**DATASET EXTRACT:**
☆ ☆ ☆ ☆ ☆

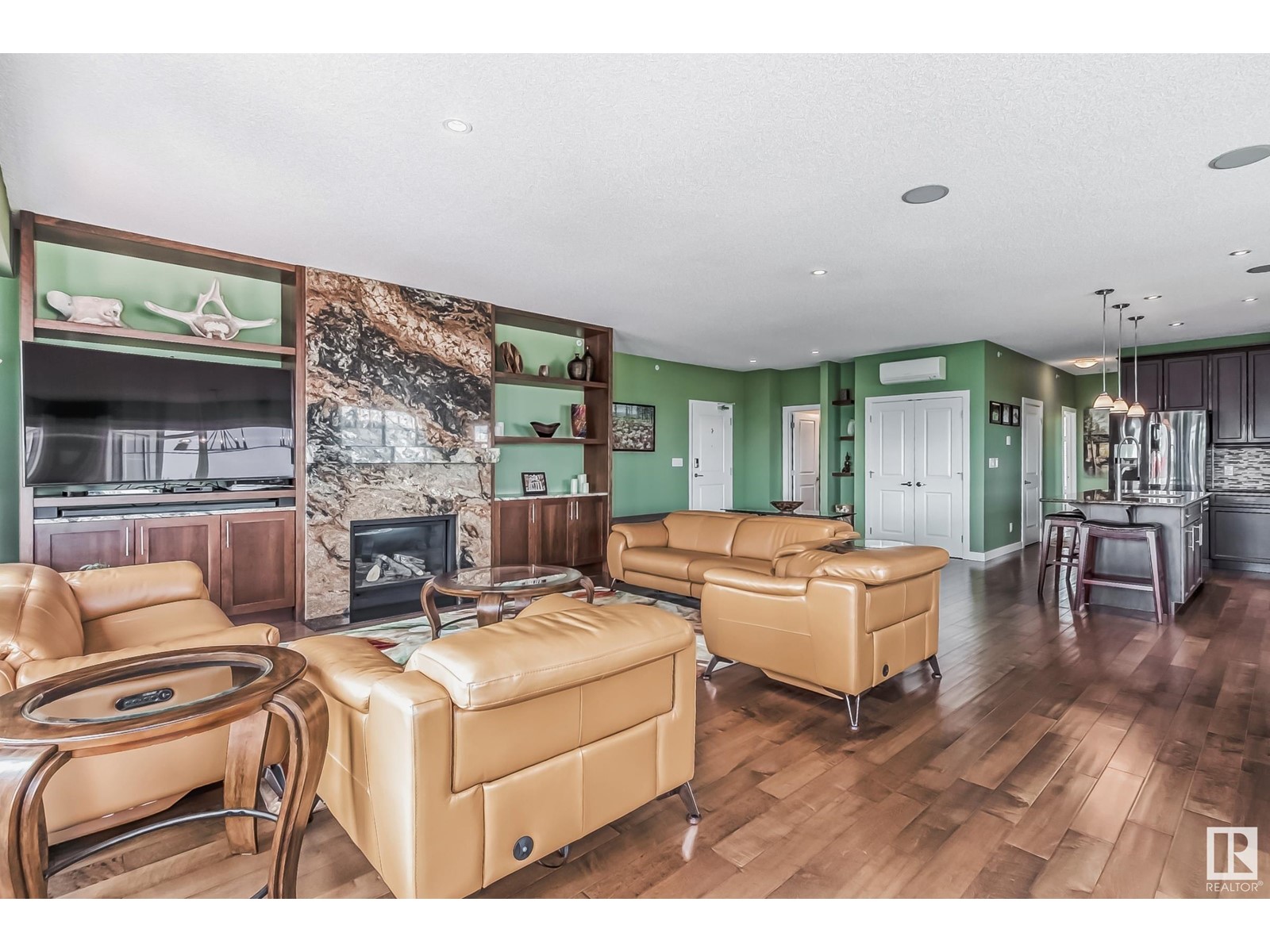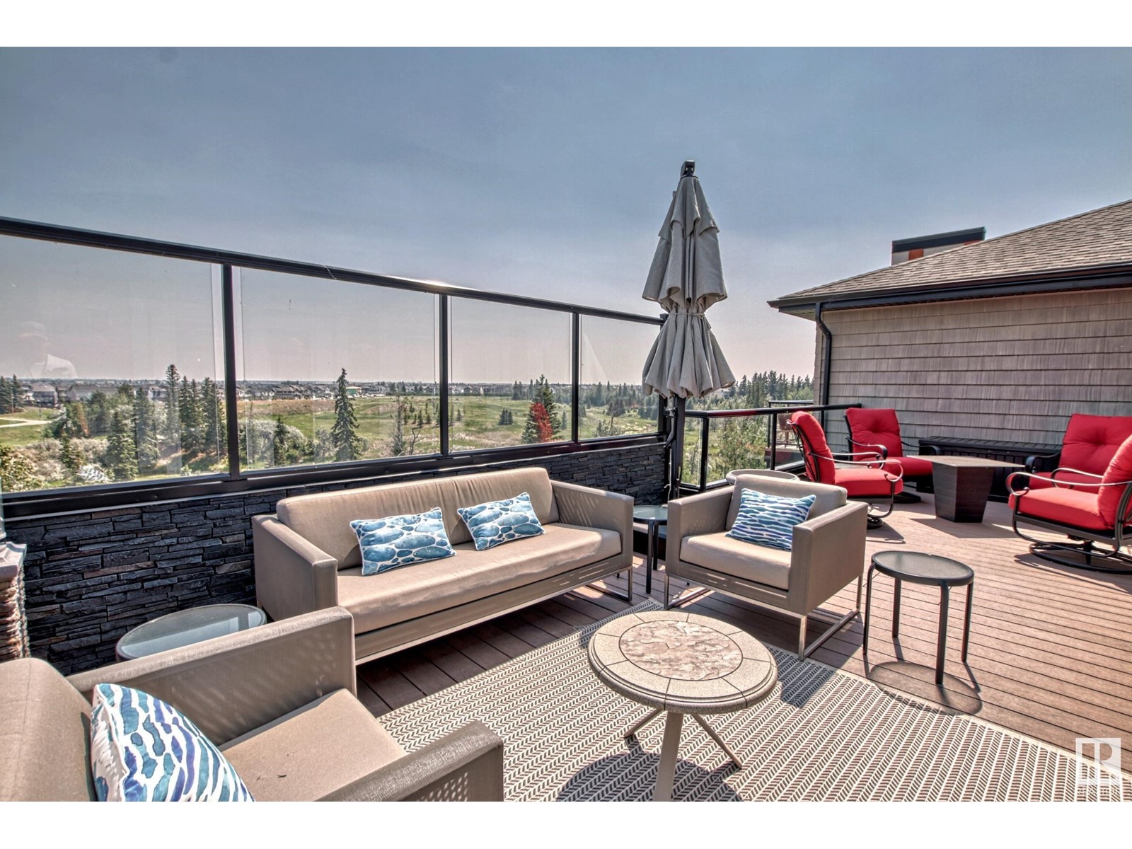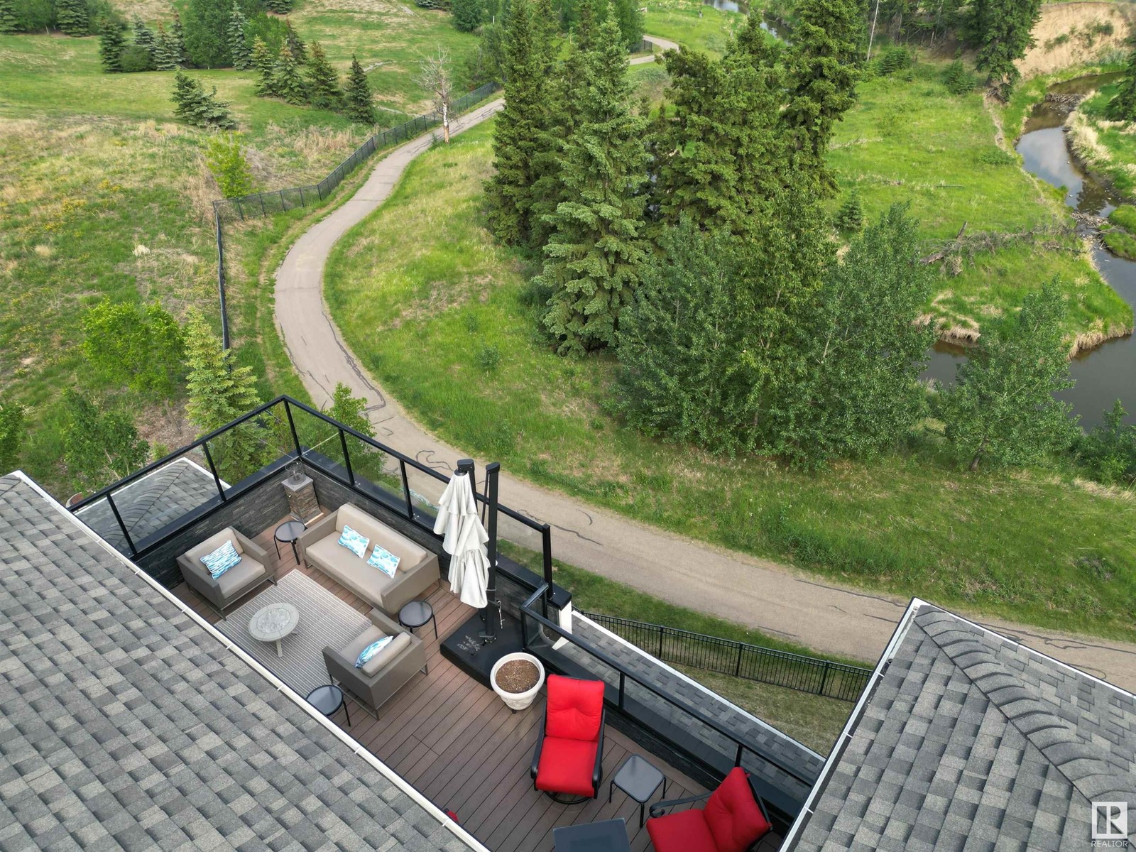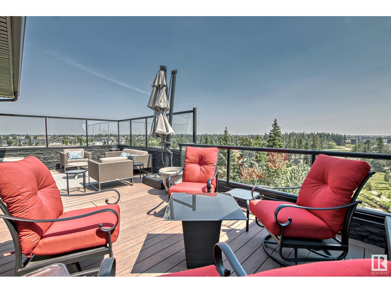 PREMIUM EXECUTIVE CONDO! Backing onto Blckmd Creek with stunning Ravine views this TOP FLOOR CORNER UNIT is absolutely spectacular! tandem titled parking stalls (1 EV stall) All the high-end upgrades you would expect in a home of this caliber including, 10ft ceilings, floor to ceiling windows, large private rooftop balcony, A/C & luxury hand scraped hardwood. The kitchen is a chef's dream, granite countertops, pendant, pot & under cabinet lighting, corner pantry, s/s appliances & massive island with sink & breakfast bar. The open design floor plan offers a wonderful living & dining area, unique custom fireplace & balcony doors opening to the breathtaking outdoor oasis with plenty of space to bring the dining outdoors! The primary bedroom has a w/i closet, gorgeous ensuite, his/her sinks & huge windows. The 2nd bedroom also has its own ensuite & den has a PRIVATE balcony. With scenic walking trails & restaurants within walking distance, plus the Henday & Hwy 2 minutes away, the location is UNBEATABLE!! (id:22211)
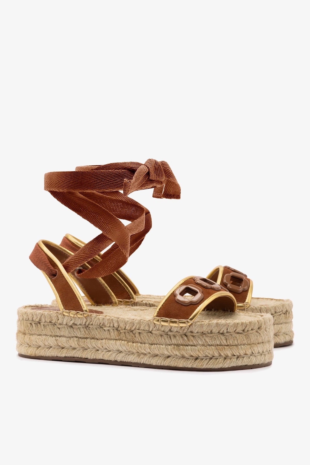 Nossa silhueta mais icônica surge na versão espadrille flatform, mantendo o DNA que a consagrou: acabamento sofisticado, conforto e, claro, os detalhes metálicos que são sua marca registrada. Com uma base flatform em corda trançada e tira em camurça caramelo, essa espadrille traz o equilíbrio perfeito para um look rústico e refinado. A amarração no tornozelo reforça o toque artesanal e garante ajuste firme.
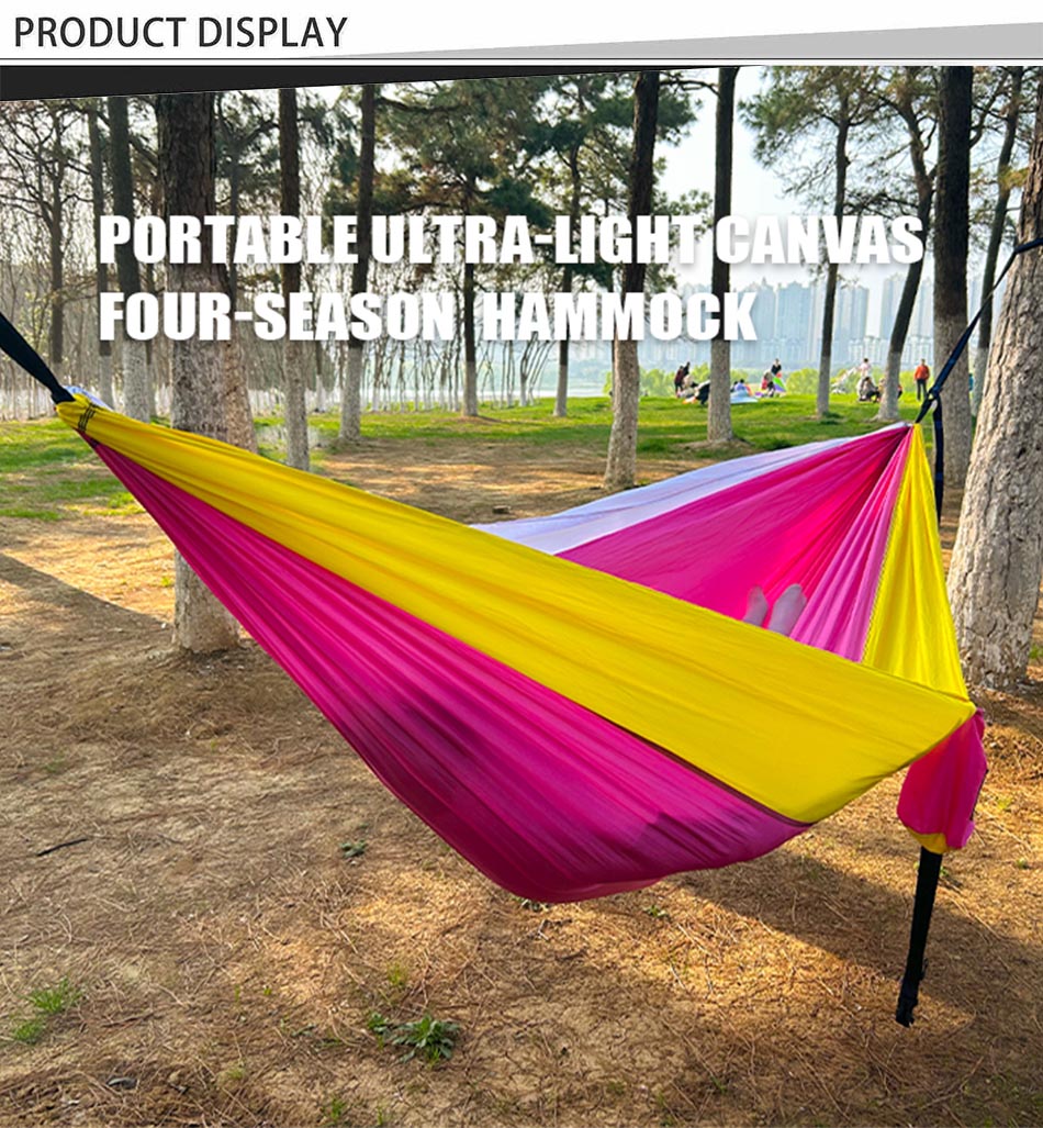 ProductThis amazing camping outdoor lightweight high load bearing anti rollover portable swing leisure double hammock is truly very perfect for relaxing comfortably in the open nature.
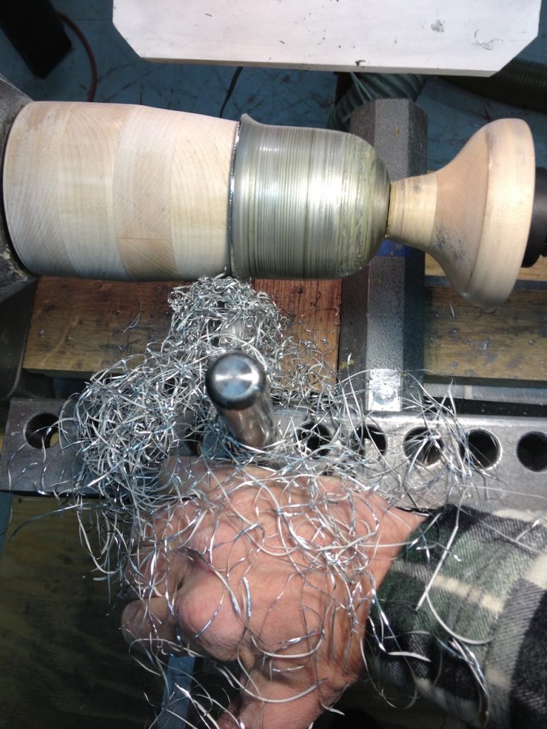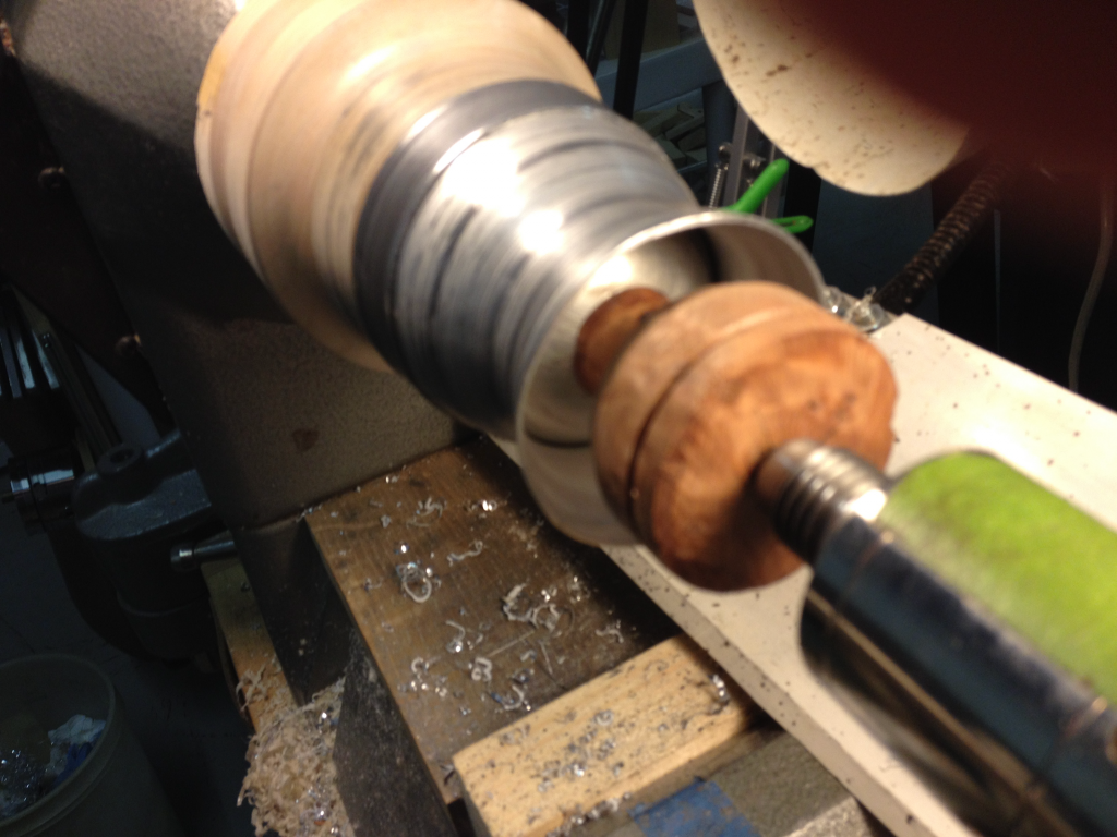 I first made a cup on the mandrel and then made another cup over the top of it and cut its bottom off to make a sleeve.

☆ ☆ ☆ ☆ ☆

**TASK:** Beginning with the line that holds "ProductThis amazing camping", write out exactly the lines down to the end of the material above, and no others. Pictures are not part of the copy.

**TASK RESULT:**
 ProductThis amazing camping outdoor lightweight high load bearing anti rollover portable swing leisure double hammock is truly very perfect for relaxing comfortably in the open nature.
 I first made a cup on the mandrel and then made another cup over the top of it and cut its bottom off to make a sleeve.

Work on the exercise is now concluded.